- Born: Наталя Сумська April 22, 1956 (age 70) Kyiv Oblast, Ukrainian SSR
- Education: Kyiv National I. K. Karpenko-Kary Theatre, Cinema and Television University
- Children: 2
- Parents: Vyacheslav Sumsky (father); Hanna Sumska (mother);
- Relatives: Olha Sumska (sister)
- Awards: People's Artist of Ukraine (2000); Shevchenko National Prize (2008);

= Natalya Sumska =

Ukrainian actress and television host

Natalya Vyacheslavivna Sumska (Наталя В'ячеславівна Сумська; born April 22, 1956) is a Ukrainian theater and film actress and television hostess. She is a recipient of the People's Artist of Ukraine title and the Shevchenko National Prize in 2000 and 2008 respectively.

==Biography==

Sumska was born on April 22, 1956, in the village of Katyuzhanka, Kyiv Oblast. Her father Vyacheslav Sumsky and Hanna Opanasenko-Sumska were both theater actors at the Ivan Franko National Academic Drama Theater who held the titles People's Artist of Ukraine and Merited Artist of Ukraine respectively. She lived in Lviv until the age of 10. She had her first acting role at the age of 6 for a rehearsal of the play Nevilnyk (Невільник) at the Maria Zankovetska Theatre. She graduated from the Kyiv National I. K. Karpenko-Kary Theatre, Cinema and Television University in 1977. Since 1977, she has been an actress at the Ivan Franko National Academic Drama Theater.
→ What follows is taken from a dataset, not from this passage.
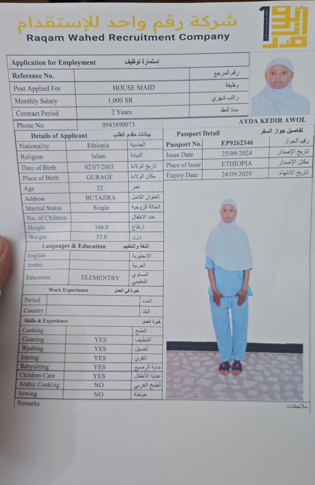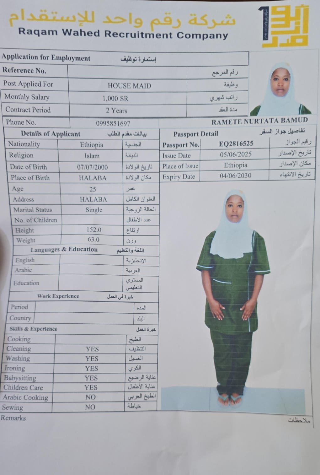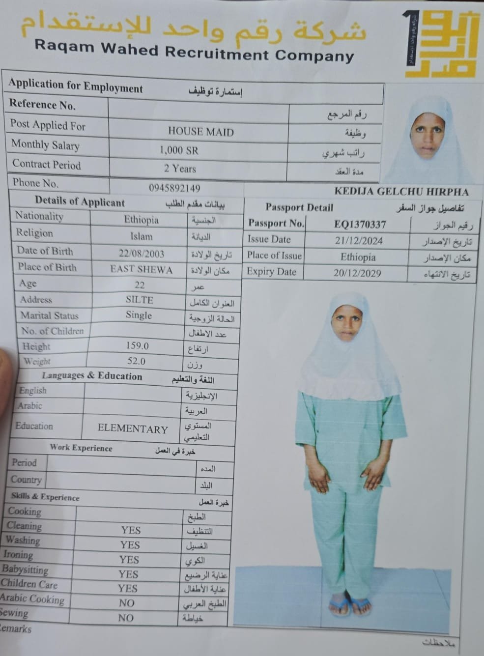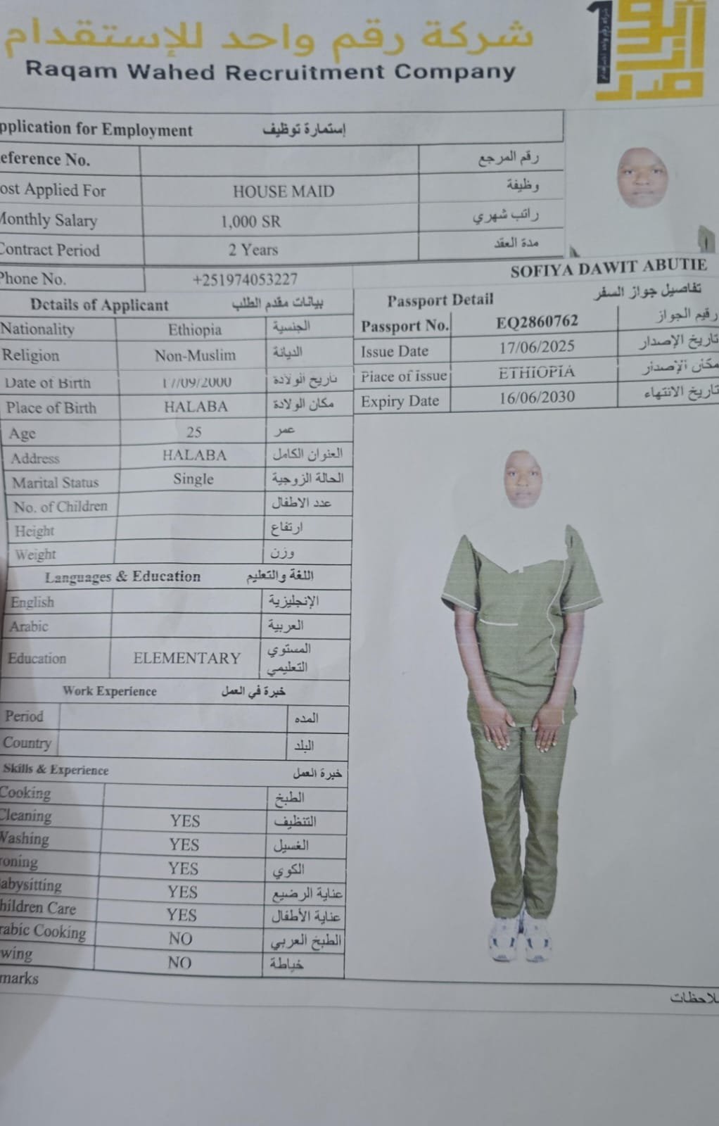 الجنسية اثيوبيا - نقوة ابو ناصر ( مسلمة )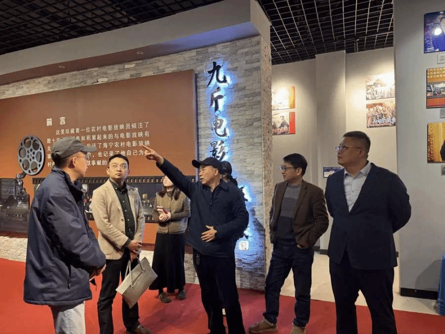 會后,在許村鎮綜合辦公室主任馮婉箐及新華村黨委書記蘇海剛陪同下,師生團隊實地參觀了具有地方文化特色的九斤電影珍藏館。觀摩影像《周恩來外交風云》《中美建交-尼克松訪華》紀錄片。通過影像觀摩,深切感受到當今美好生活的來之不易,認識到歷史影像收藏保護的重要意義。

In 2000 she became a laureate of the national theater award "Kyiv pectoral" (for her role of Masha in the Chekhov's Three sisters).

Since 2003 simultaneously works for Inter TV Networks. There she led a talk-show Key moment which was discontinued by Inter in 2010.

In 2008, Sumska received Shevchenko National Prize and was named the Kyivan of the Year.

Works in the theater company "Benyuk and Hostikoyev".

He is a member of the Taras Shevchenko National Prize Committee of Ukraine (since December 2016).

===Personal life===
Natalya Sumska has a younger sister named Olha, who is also an actress. She has a daughter named Daryna Mamai-Sumska from her first marriage to cameraman Igor Mamai. She has a son named Viacheslav Khostikoyev.

Natalya Sumska is married to theater actor Anatolii Khostikoiiev with whom she acts on stage.

== Credits ==

=== Plays ===
- Eneyida (Kotliarevsky) as Didona
- Vassa Zhelieznova (Gorky) as Liudmila
- White Crow (Rybchynsky) as Joan D'Arc
- Blez (Manye) as Mari
- Senior from higher world as Fiorella and Matilda
- Kin IV as Anna
- Pygmalion as Eliza Doolittle

=== Movies ===
- Karmeliuk as Maria
- Natalka Poltavka as Natalka
- The Mountains are Smoking as Marichka
- For home fire as Yulia Shablynska
- Dudaryks as Khrystyna
- State Border as Maria

== Awards and honors ==
In 2000, Sumska earned the title of People's Artist of Ukraine. In 2008, she earned the Shevchenko National Prize for her role in the play Of Mice and Men. She earned a total of three Kyiv Pectoral awards from the years 2000, 2011 and 2015. She earned the 2011 Kyiv Pectoral award for Best Actress for her role in the play Zorda the Greek. In 2020, she earned a Golden Dzyga award for Best Supporting Actress for her role as fortune-teller Yavdokha in the play Chornyi Voron (Чорний ворон). In 2016 and 2020, she earned the Order of Merit of the third and second class respectively.